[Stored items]

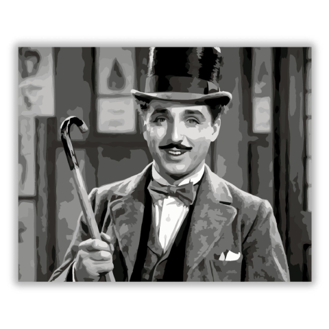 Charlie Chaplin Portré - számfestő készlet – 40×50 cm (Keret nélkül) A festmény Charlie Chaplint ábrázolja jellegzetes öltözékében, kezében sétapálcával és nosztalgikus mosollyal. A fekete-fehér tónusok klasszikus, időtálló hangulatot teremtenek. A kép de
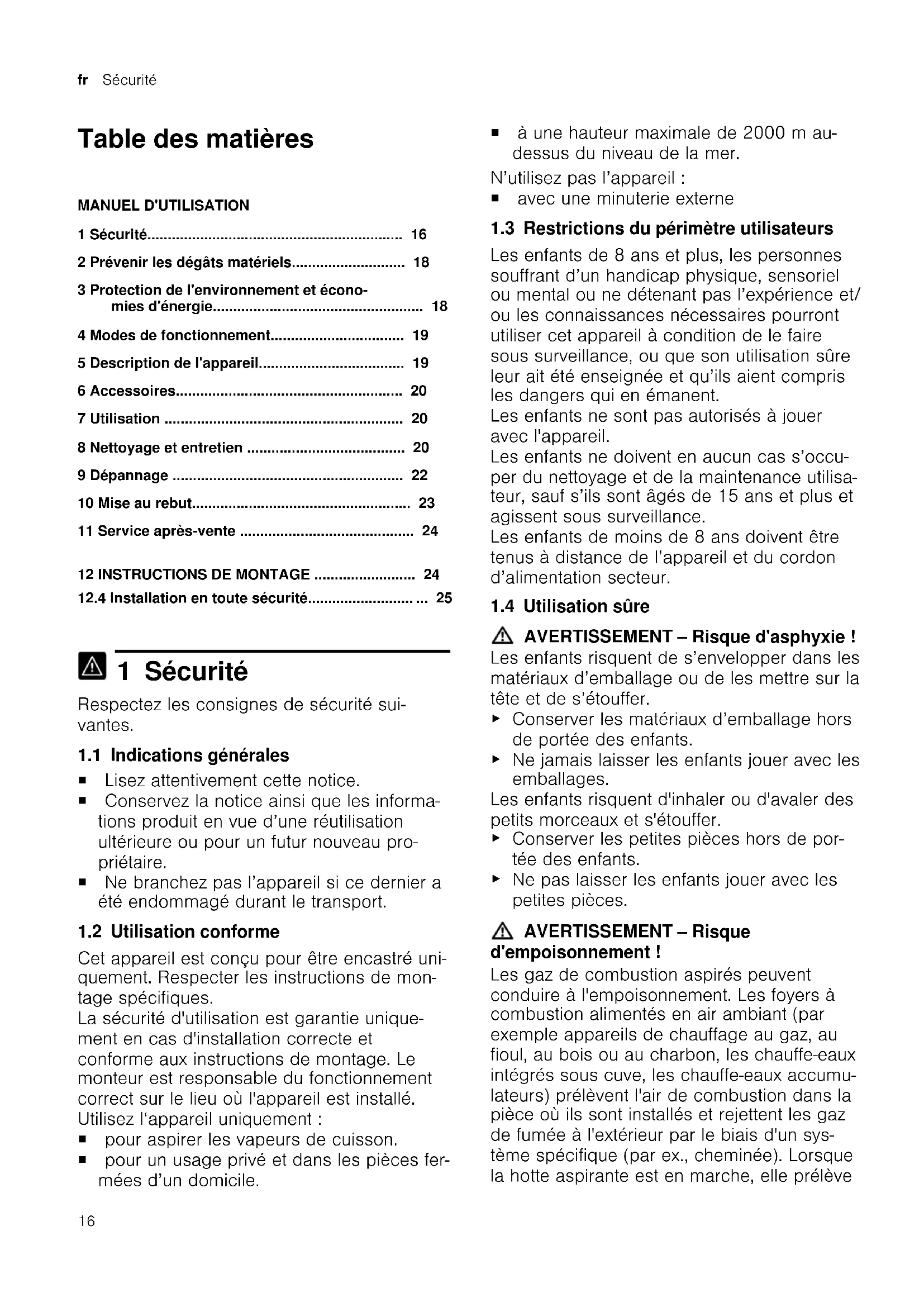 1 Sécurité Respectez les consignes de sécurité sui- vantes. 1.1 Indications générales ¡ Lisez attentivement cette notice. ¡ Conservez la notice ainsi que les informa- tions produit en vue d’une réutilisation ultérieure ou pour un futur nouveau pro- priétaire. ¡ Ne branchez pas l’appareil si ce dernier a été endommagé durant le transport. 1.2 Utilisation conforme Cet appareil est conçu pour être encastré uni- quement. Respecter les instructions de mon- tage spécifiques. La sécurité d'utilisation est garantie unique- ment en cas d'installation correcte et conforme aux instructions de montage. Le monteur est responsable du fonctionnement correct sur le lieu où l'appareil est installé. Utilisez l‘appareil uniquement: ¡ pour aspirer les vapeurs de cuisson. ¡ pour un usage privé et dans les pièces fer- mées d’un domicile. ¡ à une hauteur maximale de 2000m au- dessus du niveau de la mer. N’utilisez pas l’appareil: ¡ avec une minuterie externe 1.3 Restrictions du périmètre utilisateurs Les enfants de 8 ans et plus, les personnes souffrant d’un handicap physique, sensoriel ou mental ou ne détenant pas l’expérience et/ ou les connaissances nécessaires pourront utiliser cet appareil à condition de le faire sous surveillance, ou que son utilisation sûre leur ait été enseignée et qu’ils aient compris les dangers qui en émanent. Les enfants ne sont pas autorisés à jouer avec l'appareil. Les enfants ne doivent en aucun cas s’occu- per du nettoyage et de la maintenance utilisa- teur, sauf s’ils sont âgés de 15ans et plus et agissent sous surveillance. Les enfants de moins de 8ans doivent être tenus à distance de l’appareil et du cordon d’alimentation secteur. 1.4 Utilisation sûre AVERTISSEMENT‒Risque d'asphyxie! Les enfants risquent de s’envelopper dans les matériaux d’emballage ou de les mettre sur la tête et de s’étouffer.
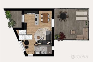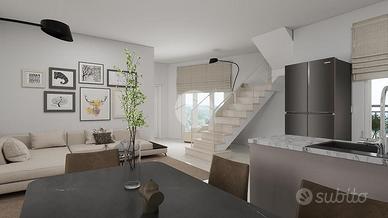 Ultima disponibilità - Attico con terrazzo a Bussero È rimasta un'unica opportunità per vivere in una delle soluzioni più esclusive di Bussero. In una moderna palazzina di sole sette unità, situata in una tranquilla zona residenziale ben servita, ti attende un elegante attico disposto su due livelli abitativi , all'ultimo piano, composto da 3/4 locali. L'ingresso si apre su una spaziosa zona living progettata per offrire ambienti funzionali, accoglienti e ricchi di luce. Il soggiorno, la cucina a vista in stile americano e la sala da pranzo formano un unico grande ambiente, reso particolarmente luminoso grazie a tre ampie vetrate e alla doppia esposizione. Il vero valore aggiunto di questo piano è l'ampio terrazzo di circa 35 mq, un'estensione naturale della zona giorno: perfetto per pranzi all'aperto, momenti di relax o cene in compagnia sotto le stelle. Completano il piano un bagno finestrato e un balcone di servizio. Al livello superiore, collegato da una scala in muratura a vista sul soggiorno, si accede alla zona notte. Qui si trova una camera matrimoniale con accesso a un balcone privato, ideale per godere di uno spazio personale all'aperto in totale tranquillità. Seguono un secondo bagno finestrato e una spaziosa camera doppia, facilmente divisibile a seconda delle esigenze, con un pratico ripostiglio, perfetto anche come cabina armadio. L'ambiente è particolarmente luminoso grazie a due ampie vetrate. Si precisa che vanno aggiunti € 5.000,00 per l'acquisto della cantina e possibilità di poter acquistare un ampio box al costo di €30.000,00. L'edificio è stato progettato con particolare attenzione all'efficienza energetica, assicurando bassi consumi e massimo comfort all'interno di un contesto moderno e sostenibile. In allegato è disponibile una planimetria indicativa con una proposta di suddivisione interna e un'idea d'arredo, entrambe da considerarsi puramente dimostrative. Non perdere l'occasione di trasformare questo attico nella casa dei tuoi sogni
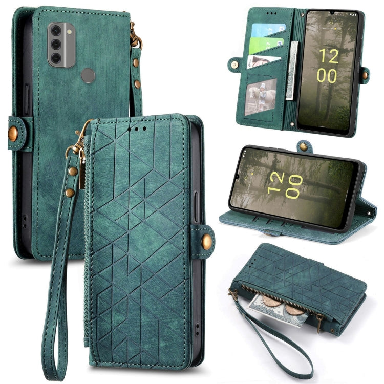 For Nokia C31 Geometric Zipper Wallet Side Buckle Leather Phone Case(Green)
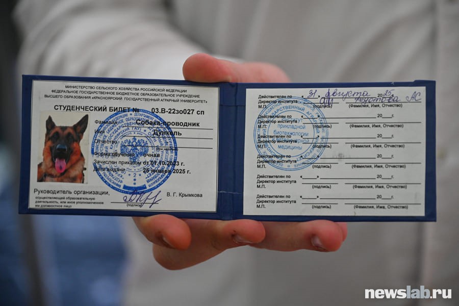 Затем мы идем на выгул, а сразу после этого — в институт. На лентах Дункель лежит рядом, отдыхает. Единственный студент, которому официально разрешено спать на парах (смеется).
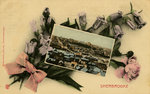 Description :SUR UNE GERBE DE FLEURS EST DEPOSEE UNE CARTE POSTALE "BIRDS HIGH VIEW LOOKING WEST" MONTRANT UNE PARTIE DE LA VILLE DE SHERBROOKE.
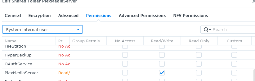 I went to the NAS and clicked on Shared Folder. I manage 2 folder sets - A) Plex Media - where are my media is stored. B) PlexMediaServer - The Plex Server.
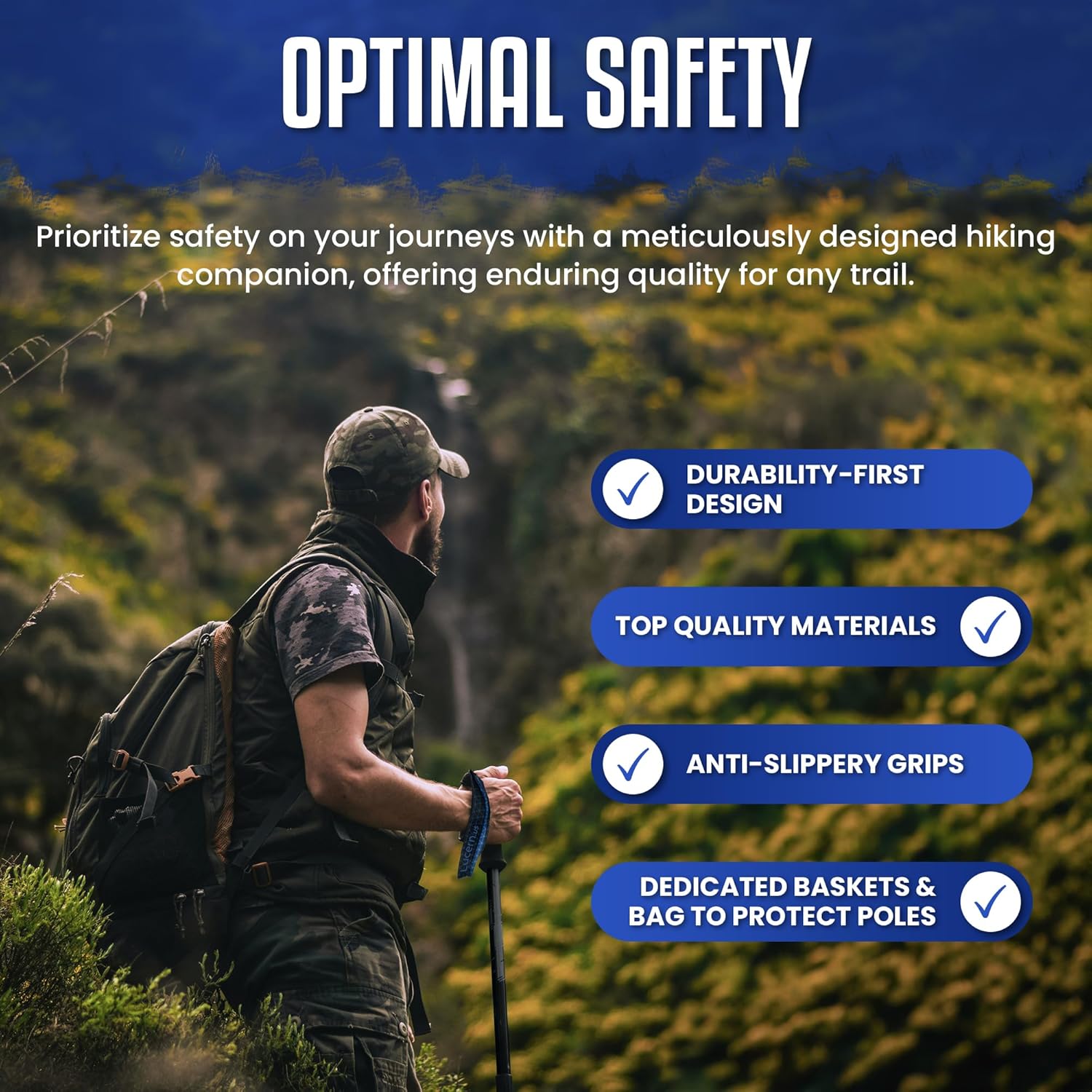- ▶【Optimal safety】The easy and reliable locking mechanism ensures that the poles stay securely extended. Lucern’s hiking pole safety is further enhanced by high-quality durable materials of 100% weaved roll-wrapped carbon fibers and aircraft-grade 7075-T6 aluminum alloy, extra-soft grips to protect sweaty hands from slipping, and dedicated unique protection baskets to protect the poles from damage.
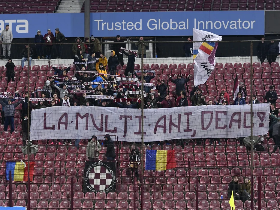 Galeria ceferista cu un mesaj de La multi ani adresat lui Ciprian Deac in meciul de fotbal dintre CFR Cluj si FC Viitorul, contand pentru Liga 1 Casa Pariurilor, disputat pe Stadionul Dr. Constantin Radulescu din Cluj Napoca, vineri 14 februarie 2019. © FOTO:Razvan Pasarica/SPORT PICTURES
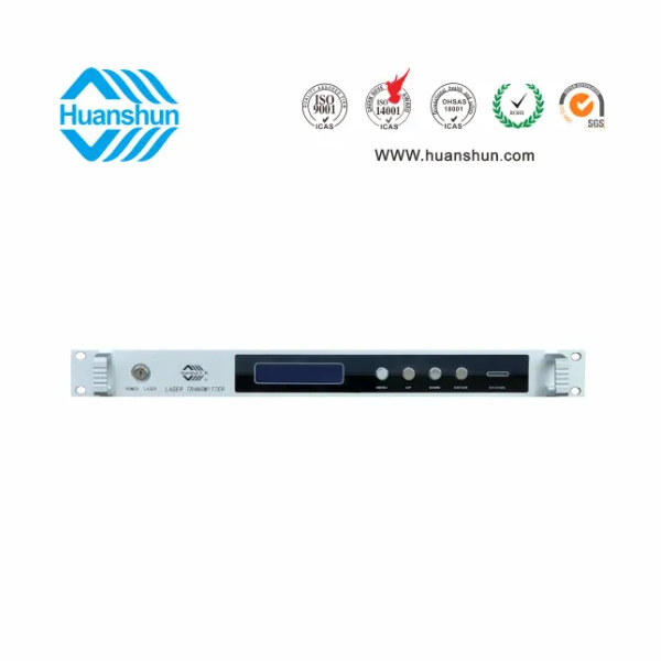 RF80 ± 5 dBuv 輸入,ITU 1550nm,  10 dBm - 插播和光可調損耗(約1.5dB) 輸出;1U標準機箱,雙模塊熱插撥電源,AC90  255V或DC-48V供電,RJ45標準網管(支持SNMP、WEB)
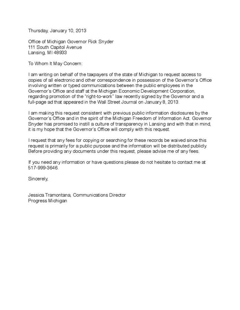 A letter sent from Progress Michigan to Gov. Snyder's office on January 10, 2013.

*What is being asked*
Transcribe the entries above verbatim, excluding any image.

*Task solution*
 Charlie Chaplin Portré - számfestő készlet – 40×50 cm (Keret nélkül) A festmény Charlie Chaplint ábrázolja jellegzetes öltözékében, kezében sétapálcával és nosztalgikus mosollyal. A fekete-fehér tónusok klasszikus, időtálló hangulatot teremtenek. A kép de
 1 Sécurité Respectez les consignes de sécurité sui- vantes. 1.1 Indications générales ¡ Lisez attentivement cette notice. ¡ Conservez la notice ainsi que les informa- tions produit en vue d’une réutilisation ultérieure ou pour un futur nouveau pro- priétaire. ¡ Ne branchez pas l’appareil si ce dernier a été endommagé durant le transport. 1.2 Utilisation conforme Cet appareil est conçu pour être encastré uni- quement. Respecter les instructions de mon- tage spécifiques. La sécurité d'utilisation est garantie unique- ment en cas d'installation correcte et conforme aux instructions de montage. Le monteur est responsable du fonctionnement correct sur le lieu où l'appareil est installé. Utilisez l‘appareil uniquement: ¡ pour aspirer les vapeurs de cuisson. ¡ pour un usage privé et dans les pièces fer- mées d’un domicile. ¡ à une hauteur maximale de 2000m au- dessus du niveau de la mer. N’utilisez pas l’appareil: ¡ avec une minuterie externe 1.3 Restrictions du périmètre utilisateurs Les enfants de 8 ans et plus, les personnes souffrant d’un handicap physique, sensoriel ou mental ou ne détenant pas l’expérience et/ ou les connaissances nécessaires pourront utiliser cet appareil à condition de le faire sous surveillance, ou que son utilisation sûre leur ait été enseignée et qu’ils aient compris les dangers qui en émanent. Les enfants ne sont pas autorisés à jouer avec l'appareil. Les enfants ne doivent en aucun cas s’occu- per du nettoyage et de la maintenance utilisa- teur, sauf s’ils sont âgés de 15ans et plus et agissent sous surveillance. Les enfants de moins de 8ans doivent être tenus à distance de l’appareil et du cordon d’alimentation secteur. 1.4 Utilisation sûre AVERTISSEMENT‒Risque d'asphyxie! Les enfants risquent de s’envelopper dans les matériaux d’emballage ou de les mettre sur la tête et de s’étouffer.
 Ultima disponibilità - Attico con terrazzo a Bussero È rimasta un'unica opportunità per vivere in una delle soluzioni più esclusive di Bussero. In una moderna palazzina di sole sette unità, situata in una tranquilla zona residenziale ben servita, ti attende un elegante attico disposto su due livelli abitativi , all'ultimo piano, composto da 3/4 locali. L'ingresso si apre su una spaziosa zona living progettata per offrire ambienti funzionali, accoglienti e ricchi di luce. Il soggiorno, la cucina a vista in stile americano e la sala da pranzo formano un unico grande ambiente, reso particolarmente luminoso grazie a tre ampie vetrate e alla doppia esposizione. Il vero valore aggiunto di questo piano è l'ampio terrazzo di circa 35 mq, un'estensione naturale della zona giorno: perfetto per pranzi all'aperto, momenti di relax o cene in compagnia sotto le stelle. Completano il piano un bagno finestrato e un balcone di servizio. Al livello superiore, collegato da una scala in muratura a vista sul soggiorno, si accede alla zona notte. Qui si trova una camera matrimoniale con accesso a un balcone privato, ideale per godere di uno spazio personale all'aperto in totale tranquillità. Seguono un secondo bagno finestrato e una spaziosa camera doppia, facilmente divisibile a seconda delle esigenze, con un pratico ripostiglio, perfetto anche come cabina armadio. L'ambiente è particolarmente luminoso grazie a due ampie vetrate. Si precisa che vanno aggiunti € 5.000,00 per l'acquisto della cantina e possibilità di poter acquistare un ampio box al costo di €30.000,00. L'edificio è stato progettato con particolare attenzione all'efficienza energetica, assicurando bassi consumi e massimo comfort all'interno di un contesto moderno e sostenibile. In allegato è disponibile una planimetria indicativa con una proposta di suddivisione interna e un'idea d'arredo, entrambe da considerarsi puramente dimostrative. Non perdere l'occasione di trasformare questo attico nella casa dei tuoi sogni
 For Nokia C31 Geometric Zipper Wallet Side Buckle Leather Phone Case(Green)
 Затем мы идем на выгул, а сразу после этого — в институт. На лентах Дункель лежит рядом, отдыхает. Единственный студент, которому официально разрешено спать на парах (смеется).
 Description :SUR UNE GERBE DE FLEURS EST DEPOSEE UNE CARTE POSTALE "BIRDS HIGH VIEW LOOKING WEST" MONTRANT UNE PARTIE DE LA VILLE DE SHERBROOKE.
 I went to the NAS and clicked on Shared Folder. I manage 2 folder sets - A) Plex Media - where are my media is stored. B) PlexMediaServer - The Plex Server.
- ▶【Optimal safety】The easy and reliable locking mechanism ensures that the poles stay securely extended. Lucern’s hiking pole safety is further enhanced by high-quality durable materials of 100% weaved roll-wrapped carbon fibers and aircraft-grade 7075-T6 aluminum alloy, extra-soft grips to protect sweaty hands from slipping, and dedicated unique protection baskets to protect the poles from damage.
 Galeria ceferista cu un mesaj de La multi ani adresat lui Ciprian Deac in meciul de fotbal dintre CFR Cluj si FC Viitorul, contand pentru Liga 1 Casa Pariurilor, disputat pe Stadionul Dr. Constantin Radulescu din Cluj Napoca, vineri 14 februarie 2019. © FOTO:Razvan Pasarica/SPORT PICTURES
 RF80 ± 5 dBuv 輸入,ITU 1550nm,  10 dBm - 插播和光可調損耗(約1.5dB) 輸出;1U標準機箱,雙模塊熱插撥電源,AC90  255V或DC-48V供電,RJ45標準網管(支持SNMP、WEB)
 A letter sent from Progress Michigan to Gov. Snyder's office on January 10, 2013.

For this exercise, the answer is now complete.